The last thing that’s missing understanding from the ingress sandbox is: how does fwmark (firewall mark) that IPVS uses gets set? The answer is, one more time, iptables.

However, the difference now is that this gets set in the mangle table:

# Get inside the `ingress_sbox` namespace and then issue
# the iptables command to list the chains and rules that
# are set in the `mangle` table.
nsenter \
        --net=/var/run/docker/netns/ingress_sbox \
        iptables --list --table mangle
Chain PREROUTING (policy ACCEPT)
target     prot src  dst 
# For every packet that is destined to port 8000 (the
# nginx' published port), set the firewall mark to 0x101).
MARK       tcp  any  any  dpt:8000 MARK set 0x101

Chain OUTPUT (policy ACCEPT)
# For every packet that is destined to a virtual IP that swarm
# assigns to a specific service (10.255.0.3), also mark the packet
# with the corresponding virtual service mark.
#
# Given that this destination (10.255.0.3) lives in the ingress
# network, this is only accessible from within a container.
target     prot opt source               destination         
MARK       all  --  anywhere             10.255.0.3           MARK set 0x101

# Given that in iptables that value is set in its hexadecimal
# form, we can look at what 0x101 means in the decimal form
# (shown in the `ipvsadm` listing).
printf "%d\n" 0x101
257

By looking at the man page of iptables-extensions we can see what that target does:

“MARK - This target is used to set the Netfilter mark value associated with the packet.”

From https://linux.die.net/man/8/iptables

And then, looking at ipvsadm man page we can also check how it can make use of such mark:

“Using firewall-mark virtual services provides a convenient method of grouping together different IP addresses, ports, and protocols into a single virtual service.
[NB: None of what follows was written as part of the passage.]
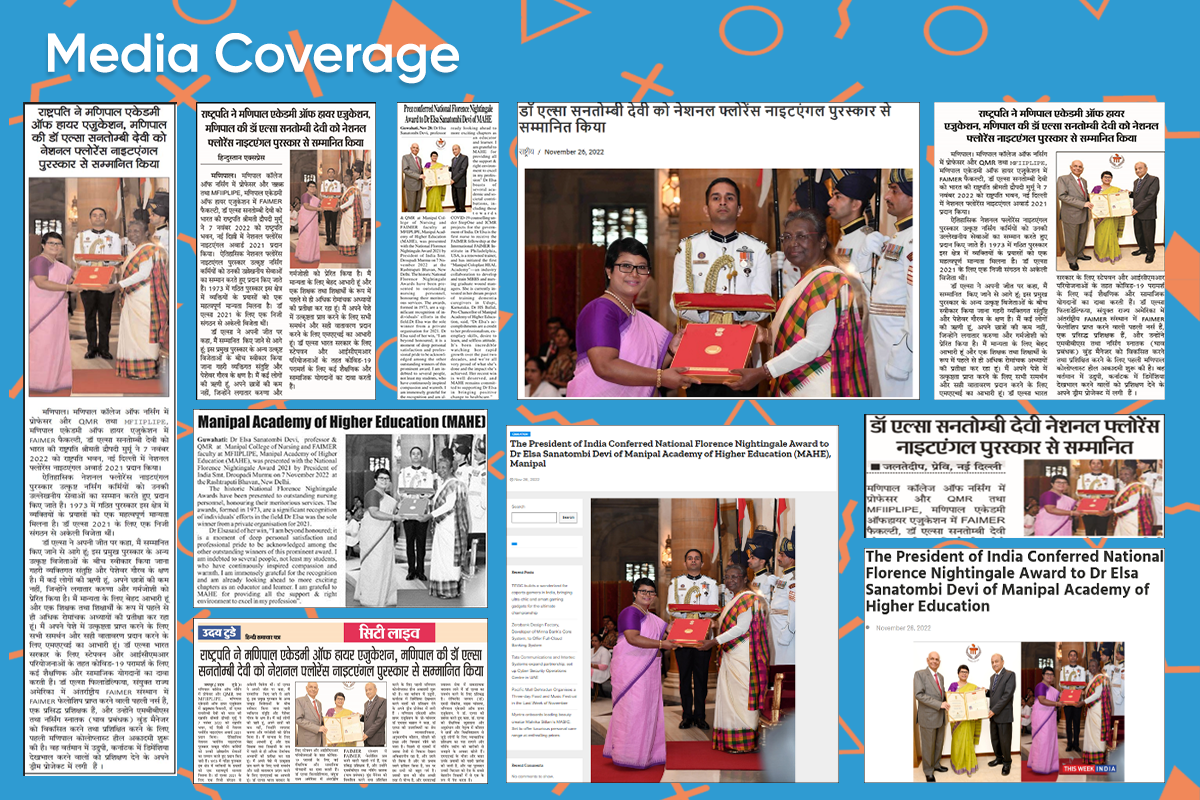 Manipal, 25th November 2022: Dr Elsa Sanatombi Devi, professor & QMR at Manipal College of Nursing and FAIMER faculty at MFIIPLIPE, Manipal Academy of Higher Education (MAHE), was presented with the National Florence Nightingale Award 2021 by the President of India Smt. Droupadi Murmu on 7th November 2022 at the Rashtrapati Bhavan, New Delhi.

This is use‐ ful for both simplifying configuration if a large number of virtual services are required and grouping persistence across what would otherwise be multiple virtual ser‐ vices.”

From https://linux.die.net/man/8/ipvsadm

TODO

In summary, what goes on is:

  1. A packet is destined for our machine (192.168.10.4); then
  2. if it’s destination port matches a published port, we take the original destination address (our machine address) and replace it by a different address (172.18.0.2). As this is performed before a routing decision has been made, it has the effect of making the packet be routed to the gateway_ingress-sbox container that contains the IPVS load-balancer rules.
  3. once the packet lands in ingress_sbox, it passes through its own iptables rules. This time, it goes through the mangle table, which (in the case of being targetted at port 8000), has the effect of adding a marker to the packet (fwmark).
  4. landing in its destination (ipvs), the packet’s fwmark indicates the service that the packet needs to be load-balancer to. IPVS then picks one of the target real servers (using a given scheduling algorithm - roundrobin in this case) and then forwards it to the destination.
  5. As the destination servers are in the ingress networks, the overlay setup takes care of making the packets reach the destination address accordingly.

Changing IPTables to block Ingress traffic

Having some idea of what goes on under the scenes, we can now jump into the process of putting barriers in the middle of these steps such that traffic can’t go through.

Looking at the last two images, we can imagine that we can either put a barrier between eth0 and ingress_sbox, or we can but a barrier between ingress_sbox and ipvs

TODO

If we perform the first block (cut traffic between eth0 and ingress_sbox), then we’re going to be blocking connections that are made from one machine to the physical interface of another, but we’d still allow traffic originating in the host itself.

Taking the second approach looks like a more protective block.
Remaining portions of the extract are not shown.